I took care of an invisible hamster

At work I was trusted with the life of a living creature…theoretically. For one week I had to provide food and water for a hamster while its owners were away. What was a relatively easy job became mentally draining because I never once saw the hamster and I assumed that I was going crazy.

The hamster, let’s call him “Stealth,” was supposedly a nocturnal pet that slept in its makeshift bed (which consisted entirely of wood-chips) allll daaaay looonng. I fed Stealth at the start of each workday and by the end of the day the food moved to the other side of the cage. It was as if the invisible animal was saying, “NO! I want it HERE,” but I’m somewhat rebellious and I put hamster food where I want!

By the third day I wanted to pull the hamster out of its hole, but I didn’t want to risk killing two animals in one week. I considered gently shaking the “cage” but I didn’t want to conduct mouth-to-mouth the hamster if it went under cardiac arrest.

I came to grips with the situation as I got more and more dillusional. When I was all out of ideas to coerce the animal out of its hole, I settled on the fact that Stealth either didn’t exist, or didn’t want to be bothered. Nonetheless, I did my job and kept putting food in the cage.

I have many theories about this hamster, which includes the possibility that I fed an empty cage for the week, or that I was part of a psychological experiment where I was the lab rat, but let it be known that I am the best cage feeder since…..um…. well, I guess I’m the best cage feeder ever

I did something bad

I don’t like to leave the reader in suspense, so I’ll say it right now—I [accidently] hit him with my car and probably killed him. I’ve had many close calls before, but this time it was unavoidable.

My morning was going great and the weather was nice. There wasn’t much that could’ve been done to make this a better morning. Although I was late to my first class, I entered the campus driving a reasonable speed and carefully went over each of the speed bumps. After the first bump I saw him…or maybe it was a her, I don’t remember.

As I slowly drove in the direction of the parking deck, he slowly walked into the road as if he was playing a game of chicken with me. I quickly slammed brakes to let him pass, but he also stopped to let me pass. I thought, “what a nice guy” and resumed my trip down the road, but then he started walking too. WAIT!! WHAT’S GOING ON?! This guy was on a collision course with death and he wanted me to be the vessel to unite him with God (or the devil).

I don’t like games, so I went for it. I accelerated as fast as I could (which isn’t very fast in a 4-cyl, 175 horsepower car) and tried to beat him across the road. I thought I was in the clear, but then he started running across the road.

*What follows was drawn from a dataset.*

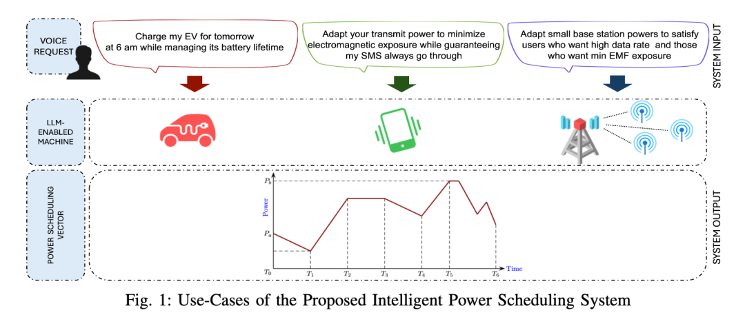 本研究的主要目标是利用LLMs的能力,使机器能够将人类用户的语音请求(Voice Request,VRQ)转换为电力调度向量。例如,对于本文考虑的案例(即电动汽车充电),这样的请求可以是:"明天早上6点为我的电动汽车充电,同时管理其电池寿命"。对于手机,它可能是"调整你的发射功率以最小化电磁暴露,同时确保我的短信始终能发送出去"。

As I drove, I saw the look of determination in his big brown eyes. He wanted to get across the road now and no one was going to stop him…not even me. All of a sudden, he disappeared. I didn’t see where he went, so I assumed he got across the street safely.

I kept driving and went over one more speed bump, but it was weird because the front wheels mysteriously didn’t pass over the hump. I looked into my rearview mirror to inspect the 1/2 speed bump, but instead I saw HIM. He was quickly rolling left and right in the road, obviously in pain. What did I do?! He kept banging his head on the ground as if he was possessed. His hands…no his feet were quivering in the air and his movements got faster and faster.

I started to go back to help, but what could I do? I reached for my cell phone, but I forgot it at home. I’ve never killed anyone with my car before and felt really guilty for it. I remember the look on his face, I remember waiting for him to pass, I remember trying to be a good Samaritan, but it meant nothing now.

One last look in my rearview mirror confirmed what I thought all along. The squirrel was dead.

P.S: To the people who walked passed and laughed at the epileptic squirrel in the street, have you no shame?!

Ear Relief


For years, my hollow earholes have prevented me from having an enjoyable earphone experience. I continually bought different types of earphones with hopes of finding one that countoured to my strange ear canal, but nothing fit right…not even remotely.

Each time I wore my ipod’s earphones, they just sat at the opening of the canal, but never sticking, which resulted in me selling the thing. Then I got another set of earphones that stuck in my ears like extra strength epoxy, but they made my ears feel like they were giving birth (assuming giving birth feels like trying to force a cactus into your nose).

The straw that broke the Geremy’s back was when one of my inferior, painful earphones literally popped in my ear. I was listening to a song with a lot of bass on full volume with bass-booster enabled when all of a sudden I heard a pixxxxerrqrh sound (it’s hard to spell sounds) and my eardrums started ringing like those annoying nextel/boost mobile phones.

From today on, NO MORE! I’ve given up on cheap earphones and bought a good Bose headphone as a replacement. Although I had to spend a block of cheese on them, it’ll be worth it in the long run. Best of all, I don’t have to deal with ripped eardurms in 5 years, unless I choose to rip them with my powerful new earphones.